At least some good has come of this, even if it did come with the baggage of a
massive Internet Argument.

------
jyap
Guys, more background from 'Fat' on why he doesn't use semicolons written back
in October 31st 2011: <http://wordsbyf.at/2011/10/31/i-dont-write-javascript/>

Quotes: On the use of '&&' instead of an 'if' statement: "If you were really
having fun with it you could lose the if all together... Each is perfectly
valid. Each behaves the same. It’s just a matter of preference and finding the
style that makes most sense to you." JSLint is described as a "unnecessarily
strict linter". "The majority of lines however don’t end with semicolons
because they simply aren’t necessary and I prefer the minimalist aesthetic.
For me, \n character is enough and the semicolon character is redundant."

... IMHO: Don't be a JavaScript hipster.

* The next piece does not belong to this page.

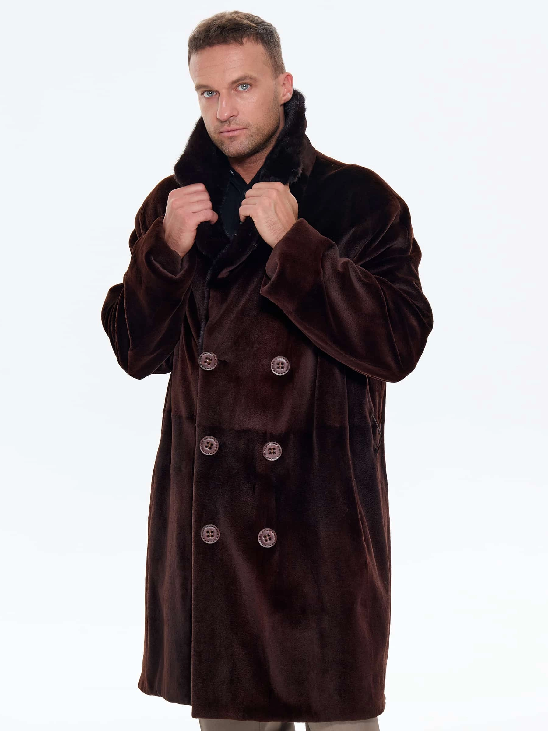 Для пошива двубортного мужского полупальто использовали щипаный мех норки с благородным матовым блеском. Прямой крой, английский воротник, два врезных и два внутренних кармана. Длина миди создают образ мужчины, для которого качество — не компромисс. Удобно в авто, общественном транспорте, при ходьбе. Максимальная защита от ветра и мороза. Изменить силуэт поможет широкий пояс. Застежка: крупные пуговицы.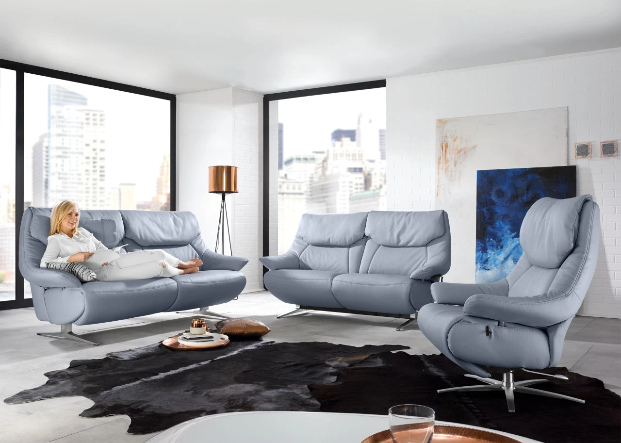 Der Relaxsessel MALU aus dem Hause MONDO besticht durch sein freundliches Design und seiner hochwertigen Verarbeitung. Mit diesem Sessel schaffen Sie eine gemütliche Sitzmöglichkeit, die Ihren Wohnbereich in eine echte Wohlfühloase verwandeln wird. Der Bezug aus Longlife-Leder in sky ist passend zu dem verchromten Metall-Sternfuß gewählt. Der Rücken ist dabei ebenfalls echt bezogen. Der Sessel ist mit einem superlastic soft Sitz und einer Rückenverstellung mit Gasdruckfeder und manueller Kopfteilverstellung ausgestattet und ermöglicht somit einen hohen Sitzkomfort.

Add semi-colons.

------
sjwright
The purpose of the semicolon in javascript is to eliminate ambiguity. Choosing
not to avail yourself is like driving without a seatbelt -- of course it's
possible, but I always thought the job of a programmer was to be as
unambiguous as possible.

You're not the only person reading your code. Your code isn't just being
parsed by five wholly different javascript engines, it's also being parsed by
the brains of every programmer who chooses to read your code.

Expecting others to learn a few stupid rules and lame syntax hacks in order to
understand and match your style seems moronic. And defending the decision by
noting that "the spec permits it" is doubly so.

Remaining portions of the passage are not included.